Sunday, February 24, 2013

Penitential Psalm for the Second Sunday in Lent (Genesis 15)

And God said to Abram:
Stick with me, like a good husband 
or a good dog
or a Hollywood agent who has lost his mind 
and doesn't know when to jump off a sinking ship 
because he's actually grown to like or at least not detest his performing client,
and, lo, I will give unto thee an extra syllable in thy name.
ha

And, about all your concern, your shame,
that your slave child not be your heir
ahh . . . OK, it's just going to be too many years until the New Covenant
so I guess I just can't get into that with you right now
(you wouldn't understand that a slave can be a savior too)
no matter how old you are and how patriarchal and all
(and, again, as I've told you, I do appreciate that long journey from Ur town)
so, alright alright, you will have a child and he shall be called--
Isaac, which means something like "the seed of Abram with an extra syllable."
ha

Pay attention: 
you see the stars
up there, look up there,
your descendents will be like that
uncountable and, frankly, unaccountable, given your age
and the strength of your "loins,"
and to prove it to you here is what I'll do--
you cut up some animals (but NOT the birds) and everything will get very dark and gloomy 
and then there will be fire kind of thing in the middle of them
and then ye shall know that the Lord your God passeth through the cut up animals 
(except for the not cut up dead birds) like a fire kind of thing
in the dark gloominess of your desolation and so on. 
Really, did I just say that, Abram?

I don't know.

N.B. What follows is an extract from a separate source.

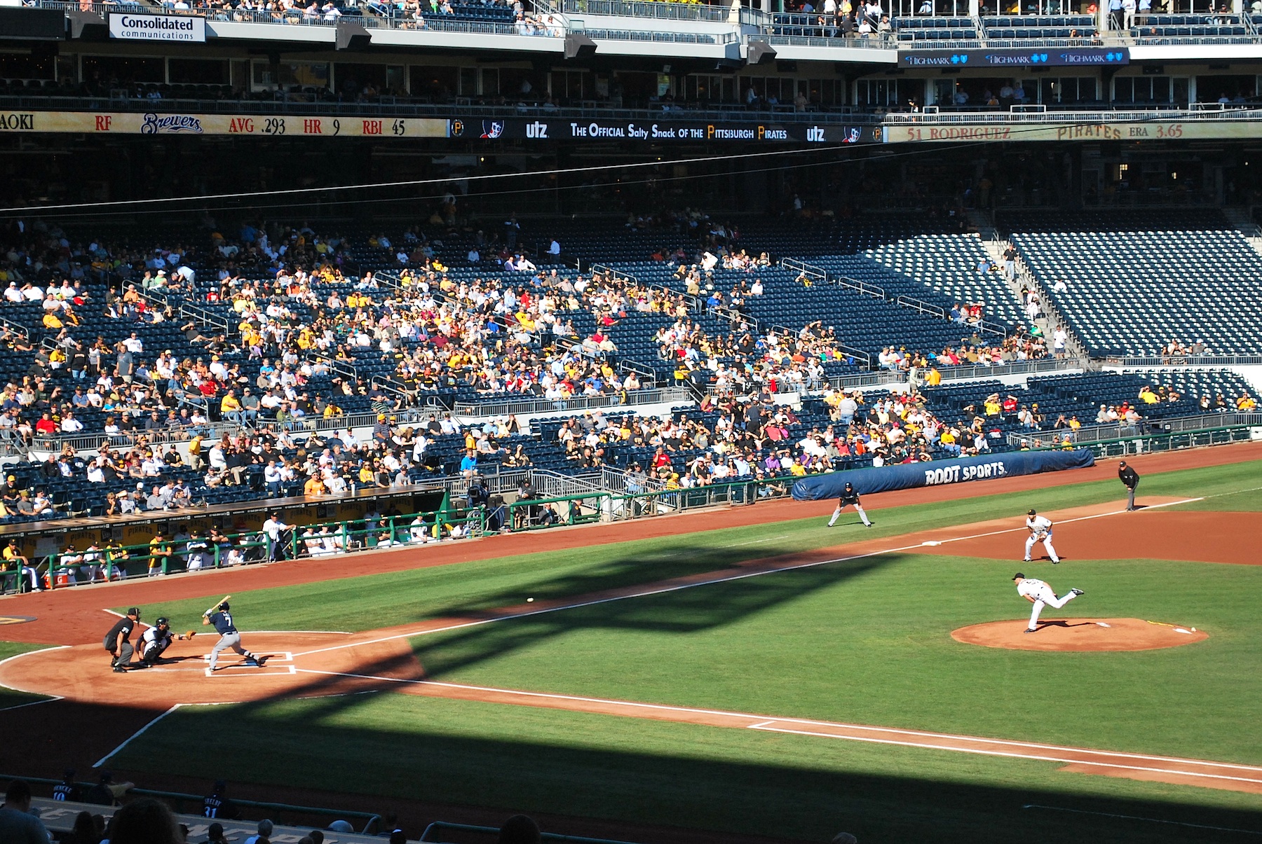I left at 2:20 and parked at the same garage on Sixth street that I did for the previous five games in Pittsburgh. Since it was an afternoon game (and still within business hours) parking was $9.75 as opposed to the event rate of $5, darn. I got my ticket from will call and was inside the park by 3:05. The Pirates have some statues inside the left field entrance but this one stands out. It’s a casting of Ralph Kiner’s hands. Kiner played for the Pirates from 1946 to 1953, made the NL All-Star team six times in those eight years and won the home run title seven times. His number 4 is retired by the Pirates.

Listen, here's the thing that matters.
Your dark journey into the wilderness, 
your trust in the One who has not yet delivered on his promise,
who "proves" his promise with a fire thing in the middle of cut up animals--
through all this, you have stayed with me,
you have kept up the questions, the argument,
kept moving in this strange direction.
You hang on me like a nursing child,
your nails are deep deep in Yahweh's flesh,
I have seen your tears (have you seen mine?)--
I mean, thank you for your fierce grip.
Holding on is the only righteousness.

I know the past has been a wilderness, isolation, the absurd,
but this story, ours, is not about the past.
Look up at the stars, I said,
find us there.
I need to use your name, with every syllable I will give you,
I need to say to the world
he hung on me like a nursing child
his story was mine, mine his
I know his nails in my flesh
he tastes my tears in his mouth
he drove the birds of prey away from my carcass
he stayed with me.

Your name will mean "one who won't let go." 
And you will be the father of those who hold on.